The cons are real but manageable:

  1. Breaking change — not a concern since the app is not in production. This is the ideal time to make structural changes like this.
  2. Verbose Go construction — solved by builder helpers (Option M3). A small pkg/provider/schemahelper/ package with functions like StringProp(), ObjectSchema(), etc. keeps provider code as readable as today, possibly more so.
  3. IsSecret — move to a SensitiveFields []string on Descriptor. This is cleaner than an extension keyword and keeps secret-handling as a provider-level concern rather than a schema concern. JSON Schema’s writeOnly: true is a poor semantic fit.
  4. gRPC plugin proto — serialize the schema as JSON bytes in the proto message. Avoids recreating the entire JSON Schema spec in protobuf, and jsonschema.Schema already marshals/unmarshals cleanly.
  5. Display code rewrite — needed anyway if we ever want to show nested object structures in explain and get provider. The current renderers silently drop all structural information for any-typed properties.
  6. Validation error format — wrap the jsonschema library’s errors into our existing ValidationError type to preserve UX consistency.

The migration cost is a one-time investment. Leaving two schema systems in place is an ongoing cost paid on every new provider, every plugin, and every contributor onboarding.

  1. Create pkg/provider/schemahelper/ — builder helpers for constructing jsonschema.Schema objects ergonomically. Include StringProp, IntProp, BoolProp, ArrayProp, ObjectProp, ObjectSchema, and option functions like WithRequired, WithExample, WithPattern, WithEnum, WithDefault, WithMinLength, WithMaxLength, WithMinimum, WithMaximum, etc.

  2. Update Descriptor — replace Schema and OutputSchemas types, add SensitiveFields []string, remove SchemaDefinition, PropertyDefinition, PropertyType, and CapabilityRequiredOutputFields.

  3. Rewrite validation.go — replace the custom validation pipeline with schema.Resolve(nil).Validate(data) (same pattern as action.ValidateResult). Map library errors to ValidationError for consistent UX. This should remove ~300 lines of hand-rolled validation logic.

  4. Migrate all 14 builtin providers — rewrite Descriptor() using the helper functions.

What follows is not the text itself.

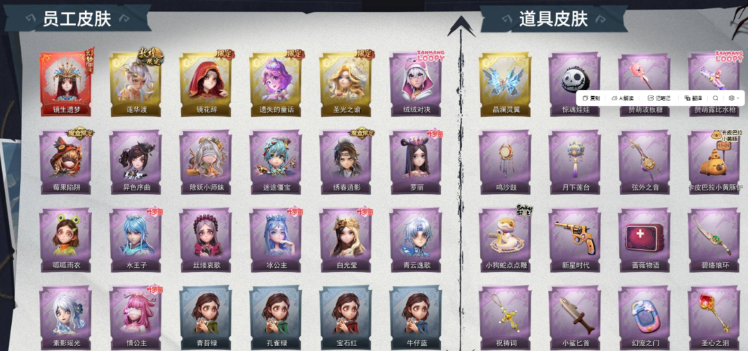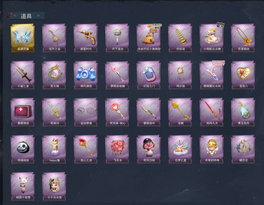 装备描述:【段位】超自然传说 【幻梦皮肤数量】1 【金色皮肤数量】4 【紫色皮肤数量】15 【道具皮肤数量】34 【累充】39240金砖 【赛季魔盒】普通魔盒 【员工】小黄、爱丽丝、零、阿念、逍遥、薇薇安、巫铃儿、莉莉、艾伦、爱德华、兰 【幻梦皮肤】巫铃儿-镜生遗梦 【金色皮肤】逍遥-莲华渡、薇薇安-圣光之谕、小黄-遗失的童话、巫铃儿-镜花辞 【紫色皮肤】艾伦-绒绒对决、莉莉-莓果陷阱、小黄-异色序曲、阿念-迷途僵宝、莉莉-除妖小师妹、莉莉-情公主、艾伦-水王子、爱丽丝-冰公主、小黄-罗丽、薇薇安-白光莹、零-青云逸歌、巫铃儿-素影瑶光、爱丽丝-丝缕哀歌、逍遥-绣春逍影、小黄-呱呱雨衣 【道具皮肤】喷气背包-晶澜灵翼、除颤仪-弦外之音、转轮手枪-新星时代、腰包-月下莲台、铲子-卡皮巴拉小黄豚铲、葫芦-伏妖塔、长鞭-小狗蛇点点鞭、摸金符-花落精绝、刺刀-小鲨匕首、传送按钮-昆仑镜、喷气背包-乘风溯雪、铲子-赞萌波板糖、传送按钮-幻宠之门、音响-鸣沙鼓、短管猎枪-赞萌露比水枪、腰包-宝剑八、急救包-蔷薇物语、摸金符-祝祷词、夜视仪-金丝眼镜、刺刀-碧络琅环、铲子-龙鳞、桃木剑-凤鸣九天、黄牛能量饮料

Mechanical but straightforward; each provider is independent so this can be split across reviewers.

  5. Update ValidateDescriptor() — express capability required output fields as meta-schemas (e.g., a schema that validates that the validation capability’s output schema has valid: boolean and errors: array).

  6. Update renderingexplain, get provider, and TUI code. Teach the renderers to traverse jsonschema.Schema recursively for nested properties.

  7. Update gRPC plugin layer — serialize jsonschema.Schema as JSON bytes in proto, deserialize on the other side.

  8. Update tests — migrate all test schema constructions. Consider adding a shared test helpers file.

All of this fits in a single PR. Estimated scope: ~30-40 files, but the changes are repetitive and low-risk since the test suite will catch regressions.